BEGIN
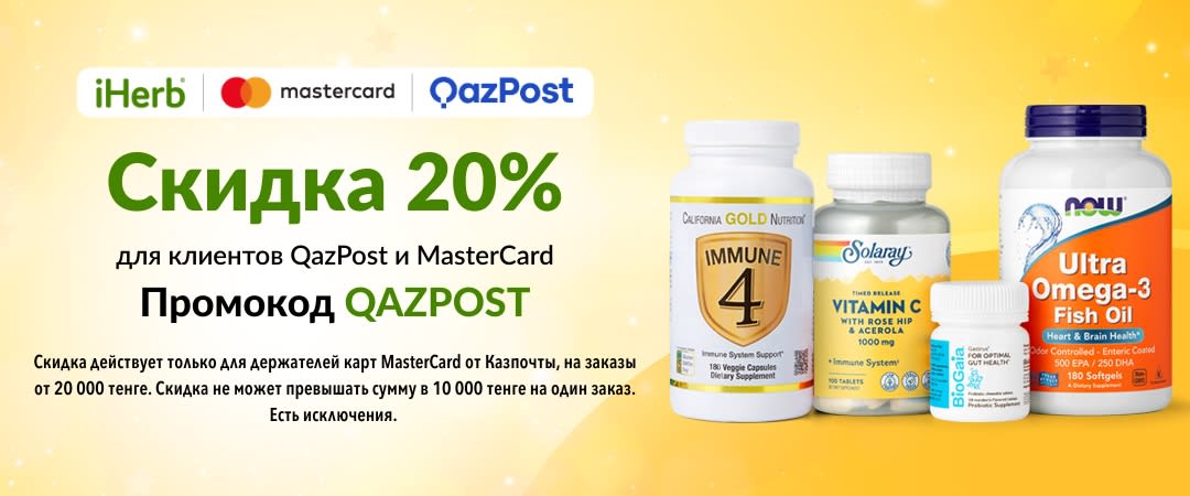 • Для активации скидки введите промокод QAZPOST в корзине при оформлении заказа на сайте iHerb
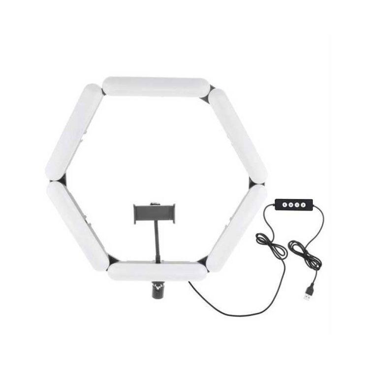 این رینگ لایت رو میتوانید به ۳ شیوه، نصب بر روی دیوار، به صورت رومیزی و یا با استفاده از ۳ پایه استفاده کنید. در ادامه به ویژگیهای دیگر این محصول اشاره کردیم. بنابراین اگر به خرید رینگ لایت شش ضلعی هیرو Hero V8 فکر میکنید، حتماً این متن را تا انتها بخوانید.
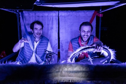 Divadelní road trip založený na dokumentarizaci života kamioňáků. Ekonomický růst, vysoká poptávka, nekonečný export a import, který nikdy neutichá. Ale díky komu vlastně? Kdo to je? Proč to jsou zrovna oni, jaký je jejich příběh a proč jsou pro náš svět tak nepostradatelní? Novodobé otrokářství, nebo silná láska k těžkým strojům? Nová autorská inscenace je sociální sondou zkoumající identitu řidičů kamionů na třech metrech čtvrečních, zaprděném sedadle s krabičkou cigaret, rozpustnou kávou a výhledem na krásnou a romanticky mizející přírodu. Tvůrčí tým vedený režisérsko-dramaturgickým duem Martin Krupa – Tinka Avramova vytvořil text na základě časosběrných dokumentárních rozhovorů s dopravci, řidiči kamionů a jejich rodinami, doplněných cestami po Evropě a odbornými rešeršemi. Výsledkem je multimediální inscenace s originální vizualitou, loutkami, projekcemi, autorskou hudbou a performancí, která umožní divákům nahlédnout do života řidičů „z první ruky“ – z perspektivy kabiny kamionu, prostoru, odkud se svět i krajina ztrácejí ve zpětném zrcátku. Hrají Lukáš Černoch, Tomáš Červinek a Eliáš Jeřábek. Inscenace vznikla ve spolupráci s Crater Collective z. s.
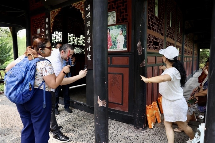 紫藤纏繞,荷葉連綿,位于四川成都新都區(qū)的桂湖公園一片綠意盎然。桂湖公園始建于隋唐時期,是一座自然環(huán)境幽雅、人文底蘊深厚的古典園林。8月30日,2024年“一帶一路”媒體合作論壇拉美媒體采訪團(tuán)來到這里參觀。
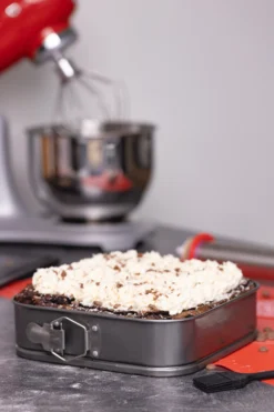 Laat uw fantasie de vrije loop en bak met deze springvorm de mooiste en lekkerste taarten. U kunt eindeloos variëren: appeltaart, cheesecake, chocoladetaart, kwarktaart enz. Door de siliconen laag blijft het deeg niet plakken wanneer u de taart uit de vorm haalt. Met de klem kunt u eenvoudig de vorm losmaken van uw zelfgebakken taart. De vorm is van uitstekende kwaliteit, de bodem is snijvast en de klem van roestvrij staal. Wilt u zelf uw taarten bakken? Koop dan deze springvorm!
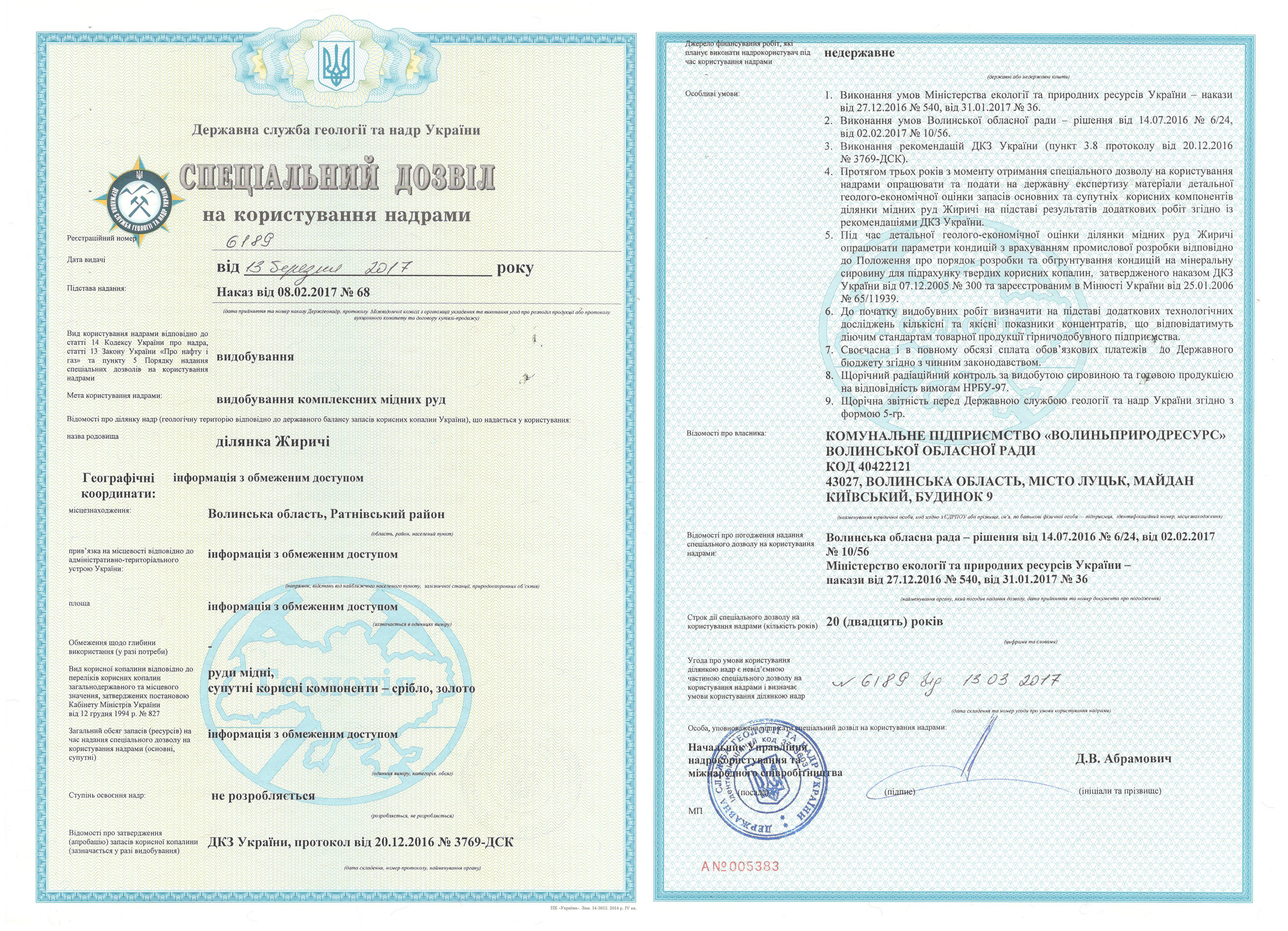 Спеціальний дозвіл №6189 (ділянка Жиричі) – загальна площа 3 140 га.
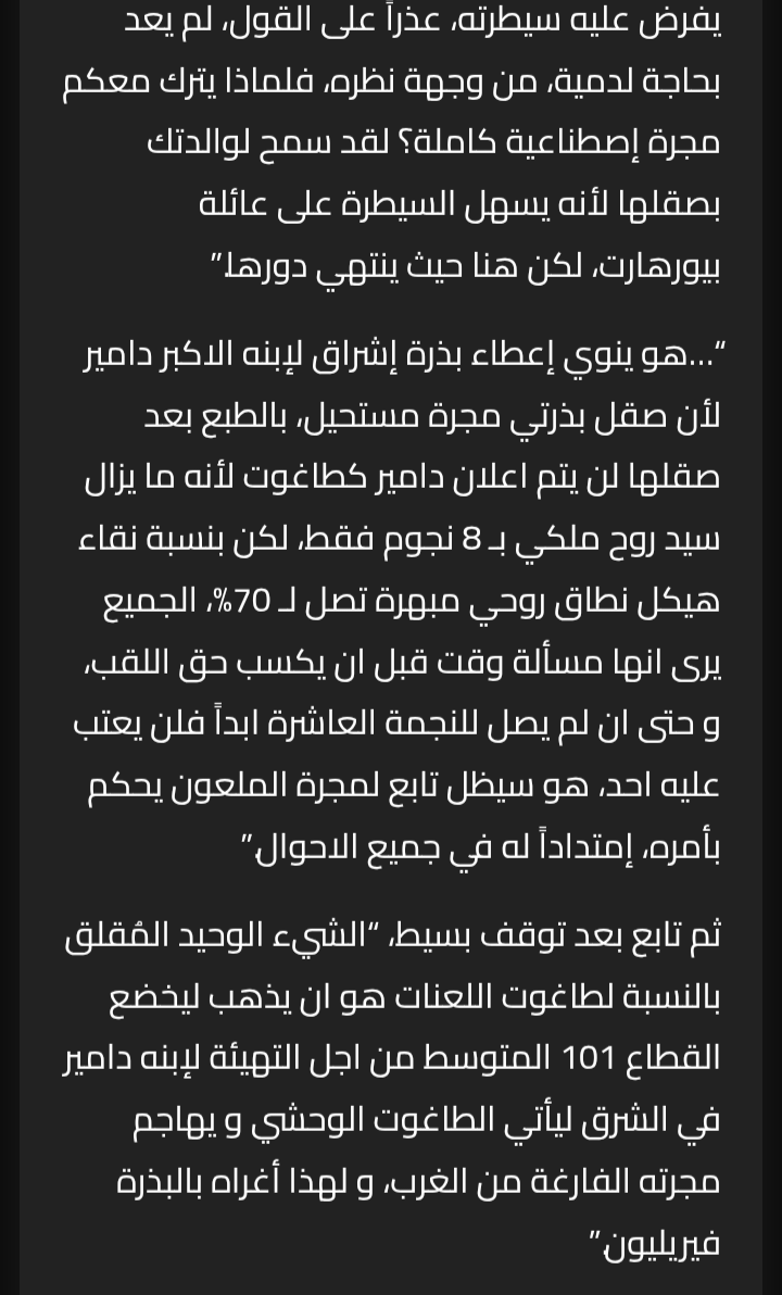 “من بين الجميع، أنتِ من تسألين ذلك السؤال؟” عبس دامير والغضب واضح عليه: “سأجيبكِ؛ بدون هذه المصفوفة سأظل سيد روح ملكي ذا تسعة نجوم فـ لي أساليبي الخاصة.” ثم أشار نحوها: “أما أنتِ، فبدون قانون الترميد الذي تسلمتِه من أبيكِ على طبق من فضة، ماذا تكونين؟”
END
▶ _Requirement_:
Copy only what lies between the start of the listing above and the line containing "این رینگ لایت", inclusive of both ends, exactly as written, and drop the pictures.

▶ _Answer to this exercise_:
 • Для активации скидки введите промокод QAZPOST в корзине при оформлении заказа на сайте iHerb
 این رینگ لایت رو میتوانید به ۳ شیوه، نصب بر روی دیوار، به صورت رومیزی و یا با استفاده از ۳ پایه استفاده کنید. در ادامه به ویژگیهای دیگر این محصول اشاره کردیم. بنابراین اگر به خرید رینگ لایت شش ضلعی هیرو Hero V8 فکر میکنید، حتماً این متن را تا انتها بخوانید.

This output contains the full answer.